Stored data:
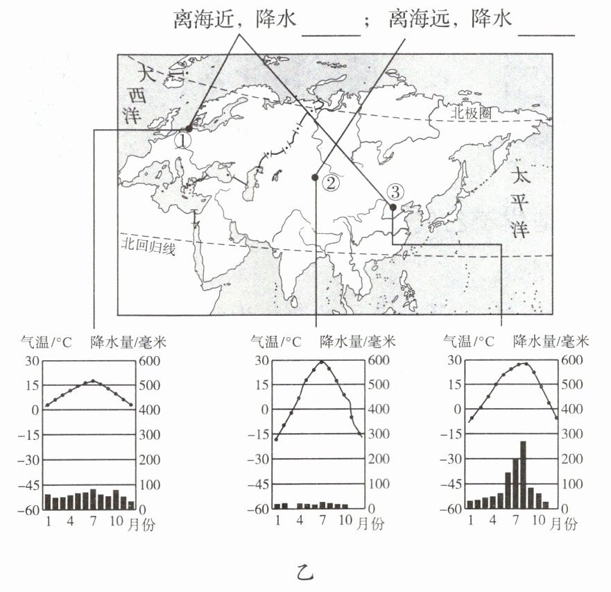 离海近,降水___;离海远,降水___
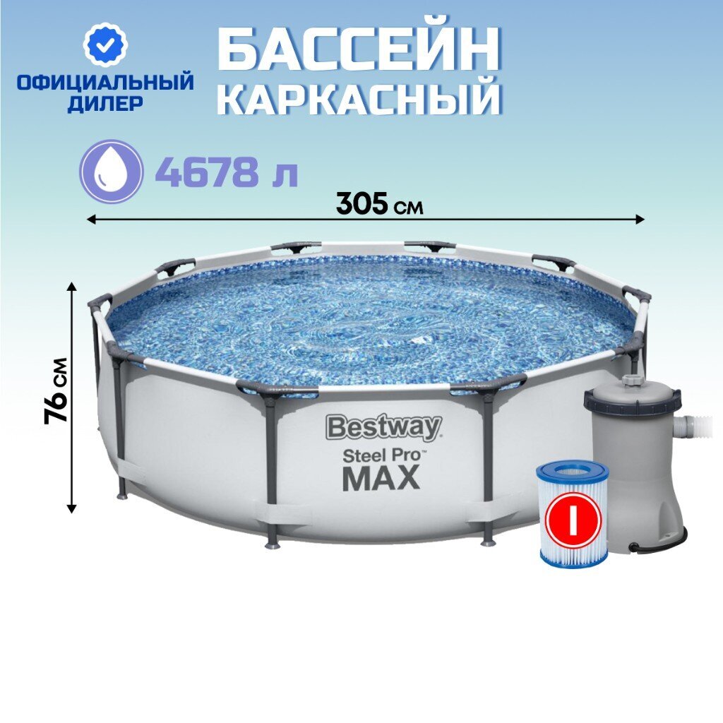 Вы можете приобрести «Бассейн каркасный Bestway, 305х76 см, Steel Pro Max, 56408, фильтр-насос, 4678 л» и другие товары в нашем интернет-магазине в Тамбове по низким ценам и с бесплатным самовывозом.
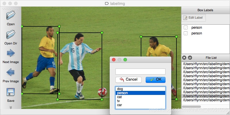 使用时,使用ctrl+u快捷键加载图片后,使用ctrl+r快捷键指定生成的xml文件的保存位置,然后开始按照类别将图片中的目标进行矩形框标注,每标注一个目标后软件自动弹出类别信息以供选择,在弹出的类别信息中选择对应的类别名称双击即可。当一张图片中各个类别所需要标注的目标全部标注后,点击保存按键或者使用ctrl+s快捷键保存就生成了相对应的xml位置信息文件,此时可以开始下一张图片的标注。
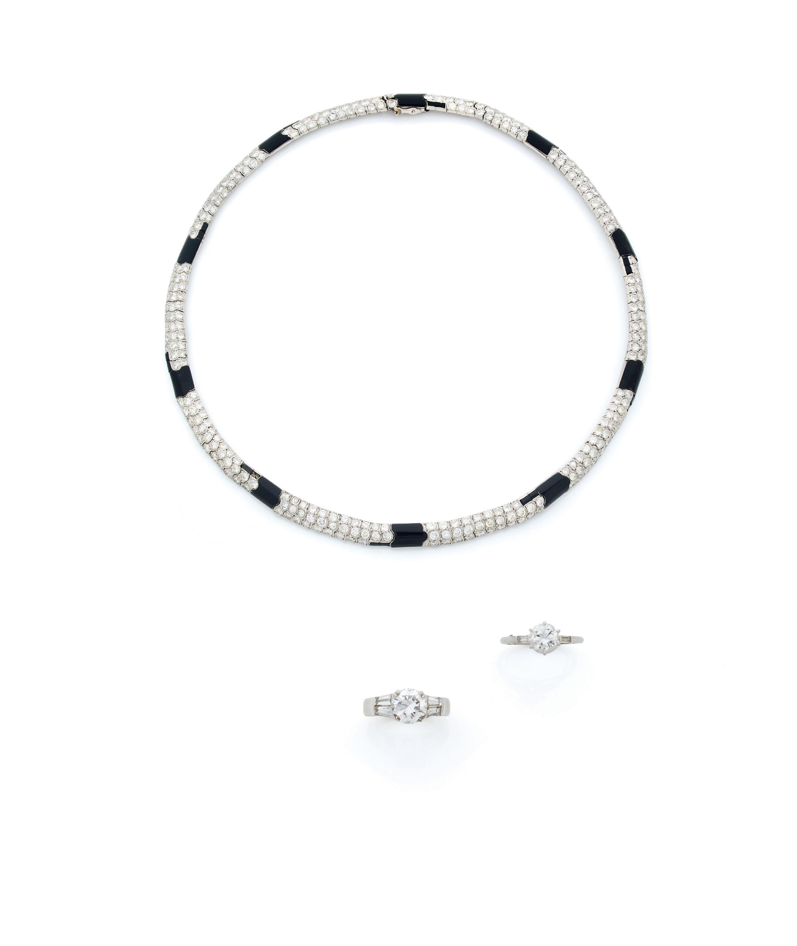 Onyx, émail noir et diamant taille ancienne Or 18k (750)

Problem to solve:
Exactly the lines from the one that contains "使用时,使用ctrl+u快捷" to the last line of the data, both included, should be set down, and no pictures should appear among them.

Expected answer:
 使用时,使用ctrl+u快捷键加载图片后,使用ctrl+r快捷键指定生成的xml文件的保存位置,然后开始按照类别将图片中的目标进行矩形框标注,每标注一个目标后软件自动弹出类别信息以供选择,在弹出的类别信息中选择对应的类别名称双击即可。当一张图片中各个类别所需要标注的目标全部标注后,点击保存按键或者使用ctrl+s快捷键保存就生成了相对应的xml位置信息文件,此时可以开始下一张图片的标注。
 Onyx, émail noir et diamant taille ancienne Or 18k (750)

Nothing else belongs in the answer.